2020 ESA Annual Meeting (August 3 - 6)

COS 224 Abstract - Burn severity, repeat fires, and forest management interact to influence forest structure in northeastern Washington, USA

Van Kane1, C. Cansler2, Jonathan T. Kane1, Bryce Bartl-Geller1, Nicholas A. Povak3, James A. Lutz4, Derek Churchill5, Paul F. Hessburg3 and Andrew Larson6, (1)School of Environmental and Forest Sciences, University of Washington, Seattle, WA, (2)Rocky Mountain Research Station, USDA Forest Service, Missoula, MT, (3)USDA-FS, Pacific Northwest Research Station, Wenatchee, WA, (4)Department of Wildland Resources, and the Ecology Center, Utah State University, Logan, UT, (5)Washington Department of Natural Resources, Olympia, WA, (6)College of Forestry & Conservation, University of Montana, Missoula, MT
Background/Question/Methods

Wildfire is the most important disturbance agent affecting forest landscape structure across the inland western United States. In recent decades, rates of annual area burned have outpaced restorative treatments across the region, and there is a need for more reliable models of fire severity, fire effects, and post-fire structural development to support strategically focusing forest management efforts. We examine drivers of burn severity and the effects of pre-fire and post-fire management across hundreds of wildfires that burned in eastern Washington state, USA, in the last three decades. We address the following research questions using 30-m remotely-sensed burn severity data and other geospatial predictors: (1) how do biophysical setting, antecedent climate, and fire weather influence burn severity in initial fires and reburns? (2) what types of pre-fire silviculture treatments effectively reduce burn severity, and are those treatments effective under different burning conditions? We address an additional research question using LiDAR-derived measurement of forest structure: (3) what types of post-fire management leads to forest recovery and resilience a decade or more after fire? We use random forest modeling explore relationships between predictors of burn severity. We test for statistical differences in distributions to compare post-fire management actions.

Results/Conclusions

Question 1: Best predictors of whether a location burned at high severity or became a fire refugia (unburned and low-severity fire) differed.
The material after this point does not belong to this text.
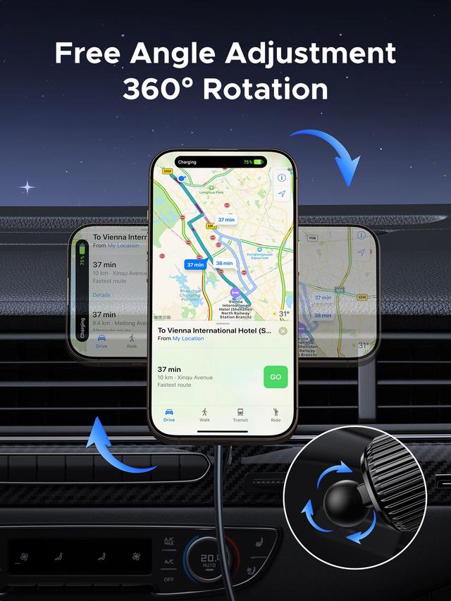 Easy to use and very flexible: Wireless car charger offers you maximum flexibility and convenience and is the perfect companion when traveling. Whether you want to use your phone as a navigation device or just listen to music, with just one hand you can rotate your phone 360 degrees and place it horizontally or vertically as needed.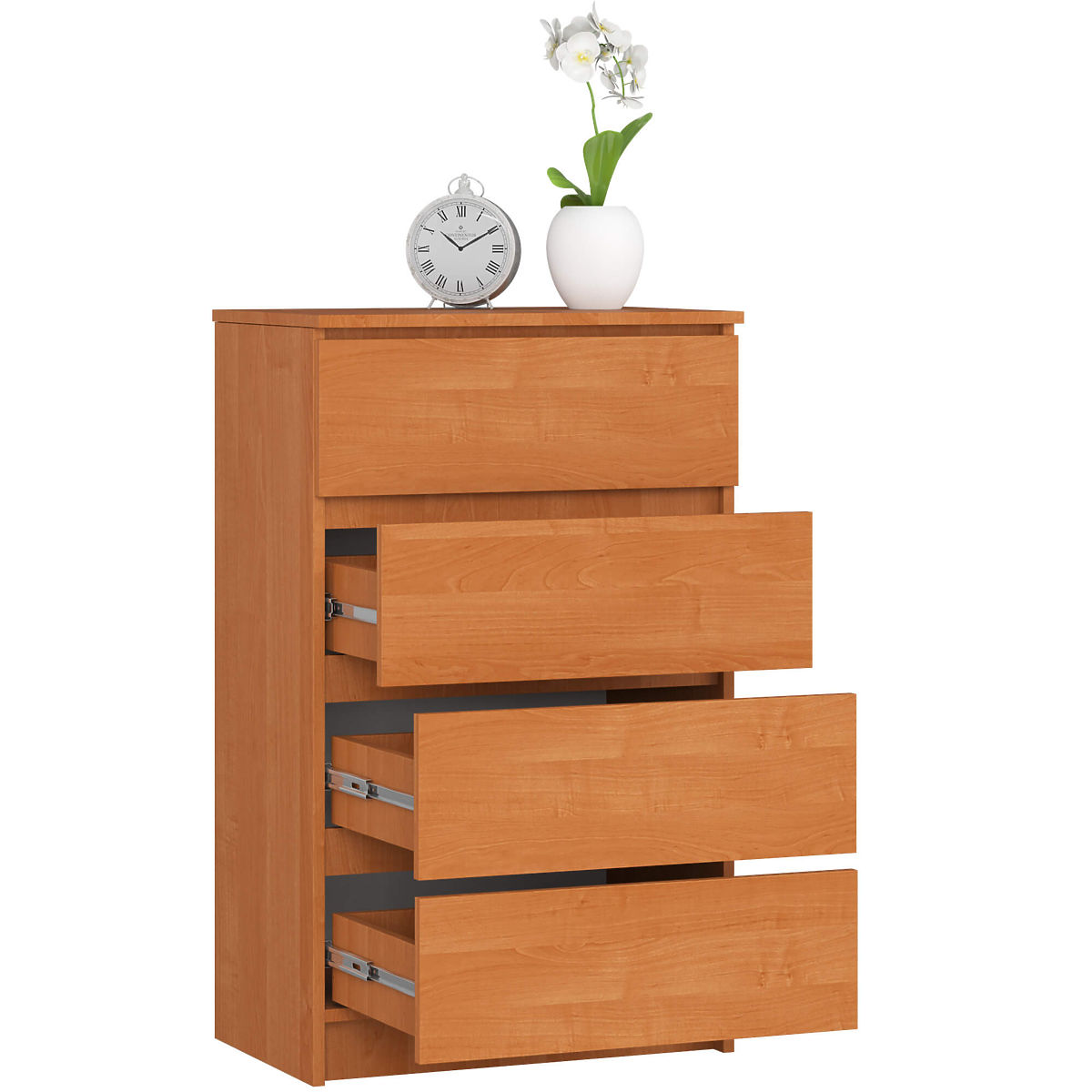 Die einfache, aber gleichzeitig sehr effektvolle Kommode K60 in der zeitlosen Farbe Erle ist ein Vorschlag, der nicht übersehen werden kann. Das robust verarbeitete Möbelstück ist mit vier Schubladen ausgestattet und verfügt über einen widerstandsfähigen Mechanismus, der perfekt an deren Länge und Gewicht angepasst ist. Die Kommode wurde so hergestellt, dass sie den Bedürfnissen und Erwartungen auch der anspruchsvollsten Kunden gerecht wird. Sie findet Anwendung in vielen Wohnräumen sowie in Bürobereichen, wo sie die Aufbewahrung notwendiger Gegenstände ermöglicht. Erwähnenswert ist das günstige Preis-Leistungs-Verhältnis. Die Kommoden in unserem Online-Shop erfreuen sich großer Beliebtheit bei Kunden, für die Funktionalität Priorität hat. Zu den präsentierten Möbeln können leicht weitere Elemente ausgewählt werden, die optisch harmonieren und so ein stimmiges Gesamtbild schaffen.

The former was best predicted by annual precipitation, annual temperature, AET and deficit, and fire resistance score, (abundance of species’ fire-adaptive traits) and the latter by fire resistance score, and fire-weather. Previous fire severity and time since fire were important predictors in reburns. Question 2: The effects of treatments varied by fire weather. Under moderate fire weather, pre-fire hazard fuel and prescribed fire treatments had slightly lower severity than untreated areas, silvicultural harvest, and tree plantings. Under severe fire weather, prescribed fire resulted in lower severity than untreated areas, silvicultural harvest, and tree plantings. Question 3: In dry mixed-conifer forests, post-fire structure in untreated areas had lower canopy cover, particularly in the 2-8 meter height stratum, but similar overstory tree structure for higher strata. In areas that burned with low severity, and then were treated, treatments had lower overstory tree height, lower vertical complexity, and lower canopy cover than untreated areas, but higher density of individual trees. These results help quantify the interactions of factors affecting burn severity and resulting forest structure and can help guide managers.